Now Stella McCartney has joined forces with US biotech company Bolt Threads with an eye on making future fashion more environmentally conscious – think specialist sustainable fibres.
The potential ramifications are huge: McCartney is looking to revolutionise the fashion industry by embracing technology for better sustainability and it is hoped more A-listers will follow suit.
And McCartney says: ‘The dots are being connected between fashion, sustainability and tech innovation… it is a truly modern and mindful approach to fashion.’
A happy ‘c word’
One potential scientific breakthrough has come to light that could help to combat multiple sclerosis.
MS is a neurological condition that affects the nervous system and has around 2.5 million sufferers worldwide.
Now it has emerged that a group underwent chemotherapy and stem cell bone marrow transplant as part of an experimental 2002 study. Of 24 patients, 70% saw the disease halted or reversed.
‘Everyone is hesitating to use the “c word”, but these patients are cured,’ says Michael Rudnicki of the Ottawa Health Research Institute.
Meanwhile, Dr Su Metcalfe of biotech company LIFNano also appears to have made a breakthrough. By using stem cell proteins that form naturally in the body, the research hopes to combat MS by using mechanisms already within the body.
Dr Metcalfe explains: ‘We’re simply switching on the body’s own systems of self-tolerance and repair.’
Fight for your right
Given you’re reading this magazine, there’s every chance you’re an open-minded sort. We’d even wager you fully support equal rights, what with it being 2017 and everything.
However, with the news that hate crimes against LGBT people in Britain have increased by 78% in five years (from 9% in 2013 to 16% in 2017), clearly more needs to be done.

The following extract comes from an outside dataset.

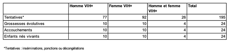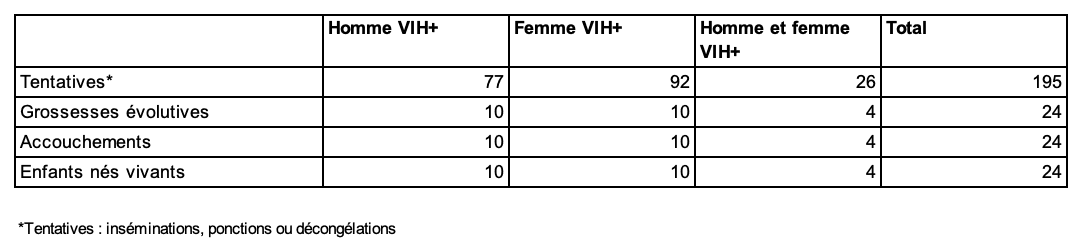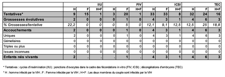 Rapportée à l’ensemble des tentatives d’AMP réalisées par les centres d’AMP, l’activité de fécondation in vitro dans le contexte VIH diminue. Cette baisse s’explique par la mise en place de nouvelles thérapeutiques entrainant la négativation prolongée de la charge virale chez les patients traités. L’AMP est dorénavant plus souvent proposée pour répondre à un problème d’infertilité que pour éviter le risque de transmission virale au conjoint ou à l’enfant.

It’s why Stonewall – the charity renowned for lobbying for equality – has just launched its Come Out for LGBT campaign, which asks everyone to report any incidents or abuse you come into contact with.
A craze that’s slowly sweeping across the globe is… picking up litter.
OK, as crazes go, it might not be as glamorous as, say, the Macarena, but it’s a trend nonetheless.
Take3ForTheSea is an Australian Instagram account with more than 50,000 followers that urges everyone to, as you can guess, pick up three bits of litter.
There’s also Jeff Kirschner, who started the Litterati blog in 2013 and has now launched a Litterati app, designed to make litter-picking fun (again, hey, it’s no Macarena), while encouraging companies to do something about pollution.
And, on a more local level, councils and communities are urging residents to do their bit, such as the successful ItsMyStreet campaign in Ipswich and the #LitterHeroes group in Lincolnshire.
Give it a try: your hands might get dirty but your soul will soar.
‘Dementia is set to be the 21st century’s biggest killer and there is currently no cure,’ says Colin Capper, Alzheimer’s Society’s head of research development.
We know what you’re thinking: ‘We thought this was supposed to be “good” news?’
Well, it is, because the Alzheimer’s Society has announced it’s investing £2million over five years in three research grants at University College London, the University of Exeter and Newcastle University.
Researchers will create Centres Of Excellence to focus on key areas of dementia care research. With 72,000 people suffering from dementia in London alone, Colin adds, ‘these centres are an excellent example of how being united against dementia, and listening to those affected, can bring about real and lasting change through high-quality, world-leading research.’